Here are a few of our picks for the winning — but mostly, losing — regulated cannabis markets of 2019.

Winner: Alberta

Alberta’s cannabis corporation has been killing it in the legal weed game, in spite of the province’s financial woes. While other provincial cannabis corporations struggled to turn a profit, transforming their newly legal shops into an opportunity for the illicit market, Alberta retailers managed to snag 22 per cent of the Canadian legal market. It’s now the largest cannabis consumer base per capita in the country.

The market has been so successful that provincial regulators even opted to allow the sale of cannabis on Christmas Day, ensuring a green Christmas for Albertans, from the prairies to the Rockies.

Loser: Ontario loses $42 million trying to weed

This past year has heralded major changes in Ontario’s cannabis retail landscape, particularly since September, when the Ontario Cannabis Retail Corp. announced it lost $42 million in their first year of sales.

The losses presumably was part of the reason why the end of this year also marks the end of the much-maligned lottery system for awarding pot shop licences. The lottery, which was intended to produce a total of 75 licensed cannabis stores across the province, was largely regarded as a failure: It yielded just 24 legal stores for the country’s most populous province, and left many communities without a brick-and-mortar place to buy regulated weed.

Loser: New Brunswick’s cannabis corp. is up for sale

Although Cannabis NB reps complained bitterly when legalization was delayed until October back in 2018 — even bragging about their readiness to open up shop — 2019 seems to have brought the now-struggling Crown corporation back to reality.

After bleeding millions of dollarspaying double stipends to its shared board, and blaming everyone but themselves for their failures, management announced in November that they were seeking a private buyer after failing to achieve profitability.

So far, the province has yet to announce any takers.

Loser: British Columbia’s legendary bud is in trouble

Despite its longstanding reputation for B.C. bud, the regulated market in B.C. has failed to launch as some expected.

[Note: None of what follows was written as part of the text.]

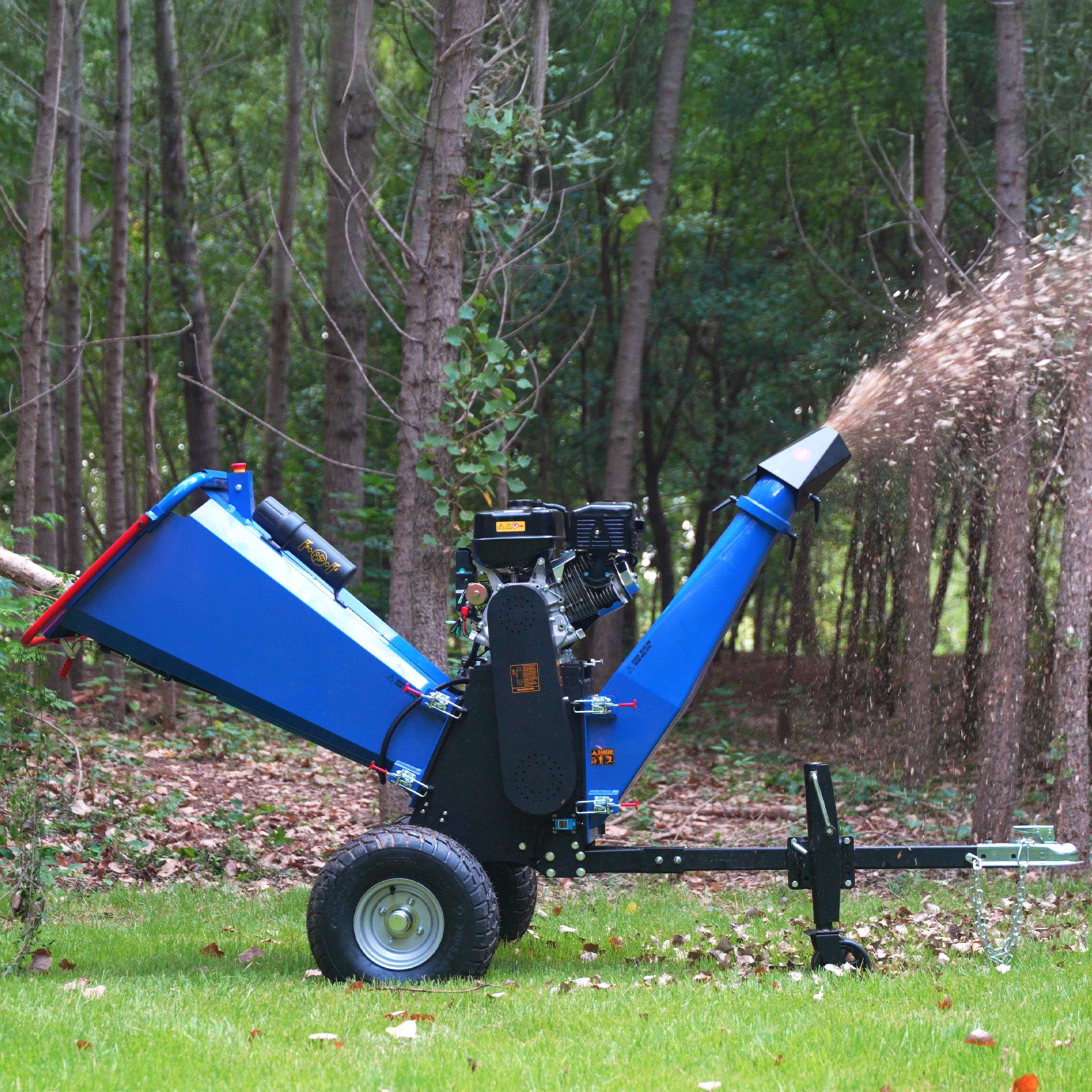 • Maintenance is quick and simple—both the feeding chute and discharge chute open easily for servicing, blade access, or cleaning. The 56-inch tall discharge chute rotates a full 360 degrees, allowing you to direct chips exactly where you want them, whether into a trailer, pile, or onto the ground.

A recent StatsCan report revealed that residents of the western province bought the least amount of regulated weed in the country since legalization at an average of about $10. That’s compared to the Yukon and P.E.I., where consumers reported spending an average of $103 and $97, respectively, since legalization.

The premier blamed policing costs and the illicit market on the province’s floundering sales, and opted to impose an unpopular 20 per cent tax on liquid vapes and cartridges in the wake of significant reports of pulmonary illnesses in the U.S. (dry flower vapes were initially included before the province opted not to target the devices).

Repeated crackdowns by a so-called “community safety unit” on decades-old compassion clubs and other longstanding illicit stores further raised the ire of B.C.’s cannabis consumers, and don’t seem to have proved effective with regards to boosting the legal cannabis sector’s bottom line.